Quelle est l'influence des faibles doses :

 

Leur influence dépend du tissu et du groupe de sujets.

Mais c'est important à savoir.

En effet, lorsqu'on effectue deux incidences mammographiques à la file sur un même sein, d'abord l'incidence de face, et ensuite l'incidence de profil, chaque incidence de mammographies délivre en théorie 2 mGray chacune, avec un espacement dans le temps de seulement 3 minutes (le temps de re-disposer la patiente après l'incidence de face, et tourner le tube pour réaliser l'incidence oblique p.ex.) .

Mais l'effet cellulaire n'équivaut pas à celui de 2mGy + 2mGy , dans ce laps de temps trop court, l'ADN ne sera pas réparé du tout.

Il n'y aura pas dans ce cas de sommation de doses qui pourrait entraîner une signal d'une importance suffisante pour alerter la protéine de réparation ; ici le signal de cassure est insuffisant et le laps de temps trop court pour stimuler la protéine ATM , donc il n'y aura aucune réparation, et cela pour tous les groupes de sujets, laissant ainsi des cellules lésées non réparées.

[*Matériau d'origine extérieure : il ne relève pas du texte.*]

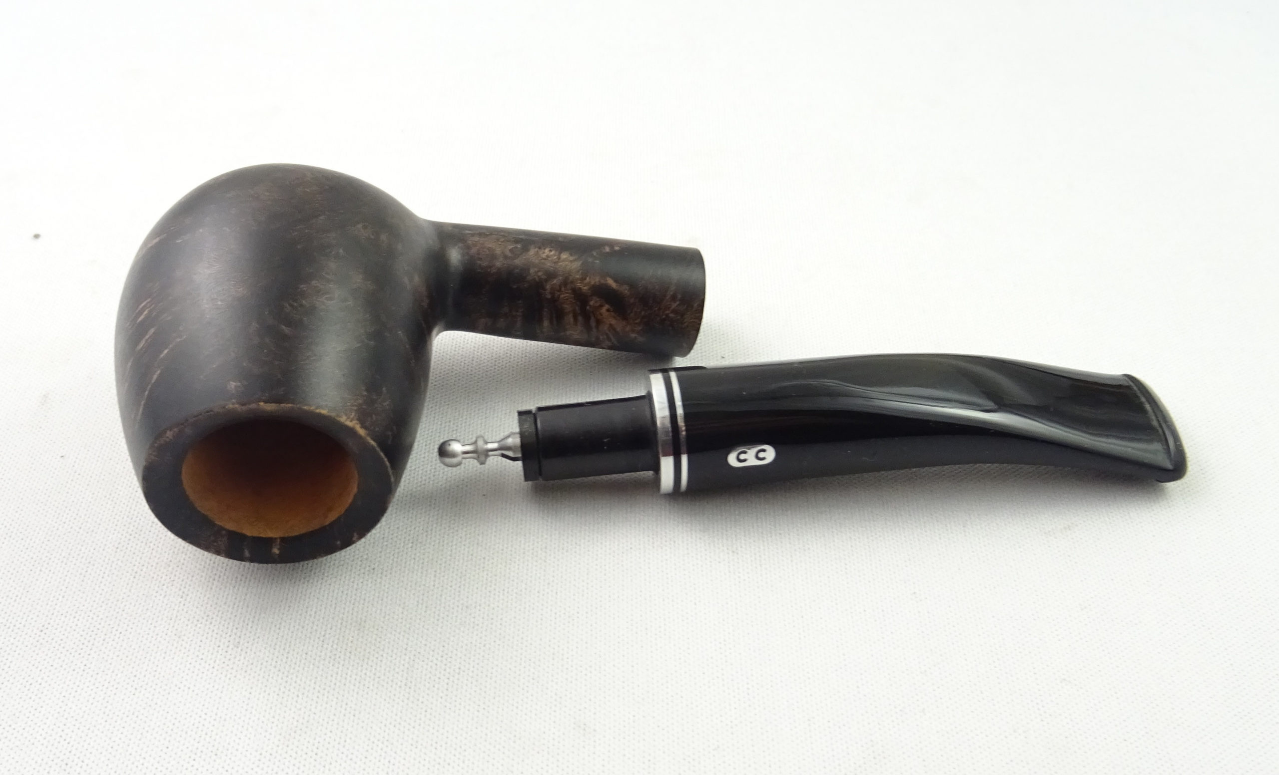 Pipe Chacom en bruyère, tuyau en acrylique double bague métal, filtre métal ou 9mm.

Le protocole 2mGy+3min+2mGy est d'autant plus dangereux pour les femmes de groupe 2 (avec ATM lent) ; le temps entre les 2 clichés devrait être de 1/2h...  .

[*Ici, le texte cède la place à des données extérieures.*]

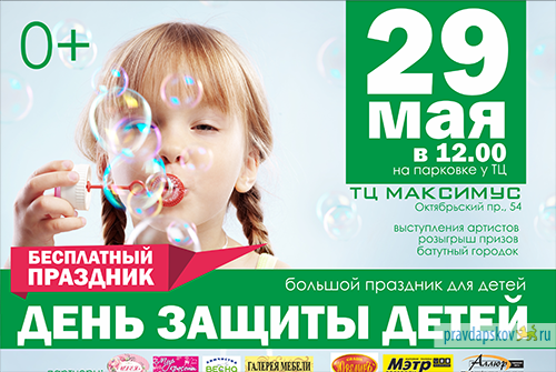 29 мая ТЦ «Максимус» устраивает большой бесплатный праздник в честь Дня защиты детей.С 12.00 для веселого семейного отдыха, на парковке у торгового центра будет развернут батутный городок, установлена сценическая конструкция и звуковое оборудование. В рамках развлекательной программы выступят детские коллективы и исполнители песен. Зрители смогут поучаствовать в конкурсах и выиграть призы.
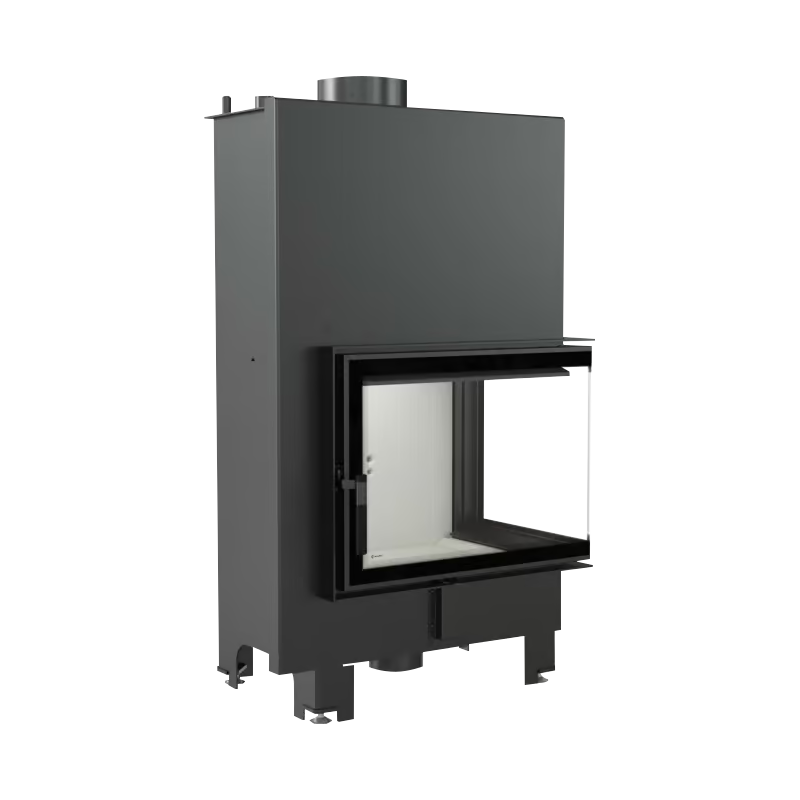 Central heating fireplace Kratki MBZ PW, 13 + 7 kW, Ø200, with right or left corner glass doors

Comme nous l'avons vu plus haut, ces personnes radio-susceptibles font davantage d' hyper-recombinaisons. Chez elles, une seule cassure peut en entrainer une centaine.

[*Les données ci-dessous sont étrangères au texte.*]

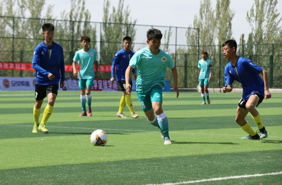 5月10日-17日,2021年內蒙古自治區(qū)青少年足球聯(lián)賽暨青少年足球錦標賽在內蒙古師范大學足球學院舉行。此次比賽,共有來自全區(qū)各盟市的31支代表隊參賽,各代表隊以盟市為單位組隊報名,通過比賽,將進一步探索主客場聯(lián)賽賽制,檢驗各地區(qū)足球青訓體系建設成效,活躍校園足球文化,以期發(fā)現(xiàn)和選拔更多優(yōu)秀足球運動員。圖為比賽揭幕戰(zhàn)現(xiàn)場,烏海代表隊對陣鄂爾多斯代表隊。

La mammographie utilise en outre des rayonnements à faible énergie, qui entraînent des cassures d'ADN moins nombreuses, mais plus importantes.

Le risque radique est donc majoré chez les femmes entre 18-35 ans , surtout si elles ne savent pas qu’elles sont d'un groupe comportant une importante radio-susceptibilité et sont soumises à de nombreux examens.

 

L'étude MyPEBS

 

Ce qui nous intéresse spécifiquement ici pour cette étude, c'est que des femmes jeunes, dès 40 ans vont être intégrées dans le groupe d'étude. Comme vous pouvez voir sur les deux tableaux issus du "synopsis de l'étude", dans les groupes à risque élevé, des mammographies annuelles vont être proposées aux femmes à risque élevé et très élevé dès 40 ans.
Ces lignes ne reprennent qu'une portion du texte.